According to SAMHSA’s 2017 National Survey on Drug Use and Health (NSDUH), 11.4 million persons in the U.S. report past-year opioid misuse; out of them, only 2.1 million individuals met criteria for an OUD. Very little is known about efficacious interventions for those who do not meet criteria for moderate/severe OUD (i.e., subthreshold OUD). The prevalence of subthreshold OUD in primary care settings is 5 percent to 10 percent, with higher rates (21 percent to 29 percent) among those receiving prescribed opioids. Although they are at high risk of developing moderate/severe OUD and/or dying from an overdose, little or no empirical evidence exists for pragmatic prevention interventions that can be adopted at integrated general medical settings. To study the efficacy of prevention interventions to arrest the progression from risky opioid use, researchers will test the efficacy of a STOP intervention in primary care settings. STOP adopts an early intervention approach, based on a collaborative care model to prevent progression to moderate/severe OUD, and consists of a practice-embedded nurse care manager who provides patient education and supports the primary care provider (PCP) in engaging, monitoring and guiding patients who have risky opioid use; brief advice delivered to patients by their PCP; and phone counseling of patients by behavioral health providers to motivate and support behavior change. Researchers will determine whether STOP reduces risky opioid use and examine the impact of STOP on progression to moderate/severe OUD, overdose risk behavior and overdose events in adults with risky use of illicit or prescription opioids.

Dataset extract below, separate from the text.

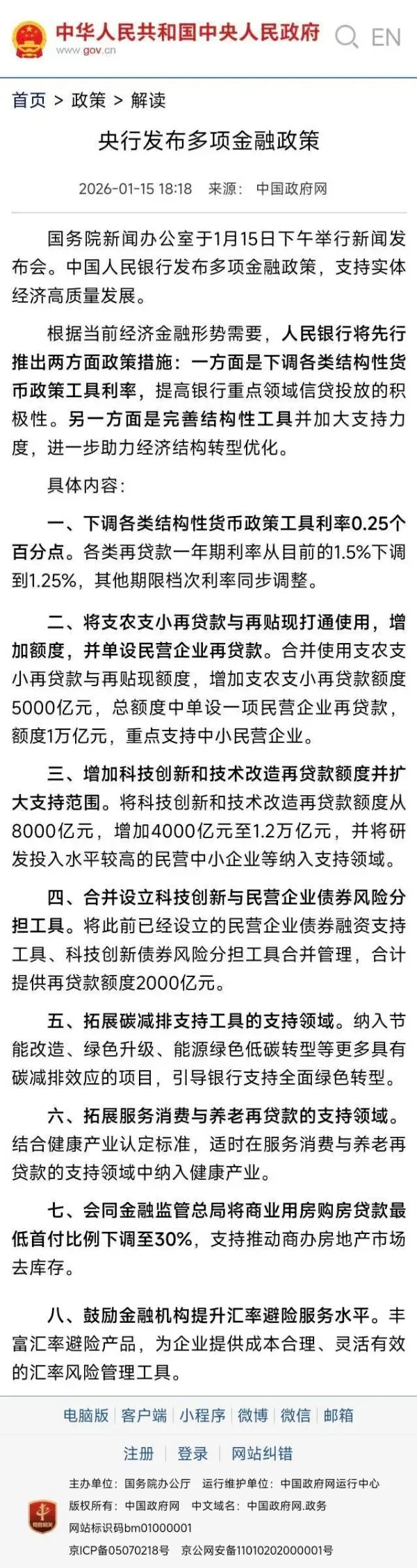 划重点: 2026年1月15日,国务院新闻办公室举行新闻发布会,中国人民银行宣布推出8项重磅政策措施,为"十五五"开局之年注入强劲金融动力。园区企业融资成本将迎来实质性下降,支持力度全面升级!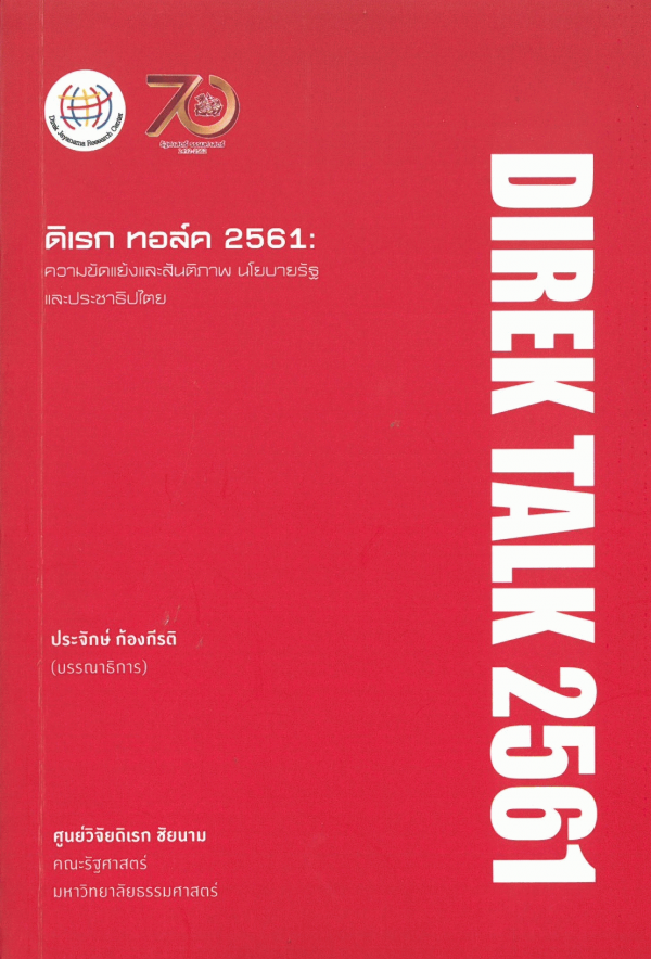 Direk talk 2561 ความขัดแย้งและสันติภาพ นโยบายรัฐ และประชาธิปไตย / ศูนย์วิจัยดิเรก ชัยนาม คณะรัฐศาสตร์ มหาวิทยาลัยธรรมศาสตร์

For many reasons, the emergency department (ED) is a critical venue to initiate opioid use disorder (OUD) interventions. ED patients have a disproportionately high prevalence of substance use disorders and are at an elevated risk of overdose, and many do not access health care elsewhere. Despite this, OUD interventions are rarely initiated in EDs. The Emergency Department Connection to Care with Buprenorphine for Opioid Use Disorder study (CTN-0079) will assess the feasibility, acceptability and impact of introducing clinical protocols for screening for OUD, buprenorphine treatment initiation, and referral for ongoing treatment in ED settings with high need, limited resources and different staffing structures. This extension study will use the existing infrastructure to evaluate the adoption and sustainability of the clinical protocols introduced at each of the study sites and to identify factors influencing their diffusion and effectiveness.

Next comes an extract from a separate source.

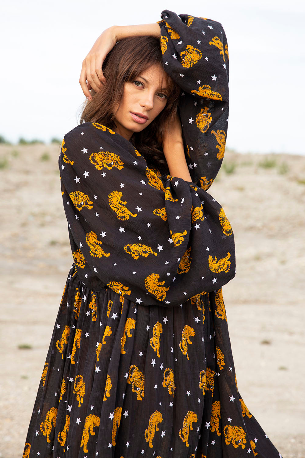 SARA SMITH DRESS TIGER STAR CHARCOAL

Very little research has been conducted on better understanding of phenotypic characterization of individuals with OUD (beyond DSM-5 diagnoses) and how these features predict illness severity, treatment retention or outcomes. The primary objective of the deep phenotyping study is to provide a comprehensive phenotypic characterization (e.g., domains of negative affect, reward salience, cognitive control, mental health) of a heterogeneous sample of individuals (n = 1,000) who currently meet one or more DSM-5 diagnostic criteria for OUD and are in treatment for OUD. In a subset of this sample (n = 100), the investigators conduct digital phenotyping to examine the utility of ecological momentary assessment (EMA), digital sensing and social media to predict retention, medication adherence and opioid use outcomes in patients receiving buprenorphine for OUD. It is anticipated that this foundational study will inform the feasibility and utility of such assessments that can be successfully embedded into imminent and future CTN and other OUD clinical trials.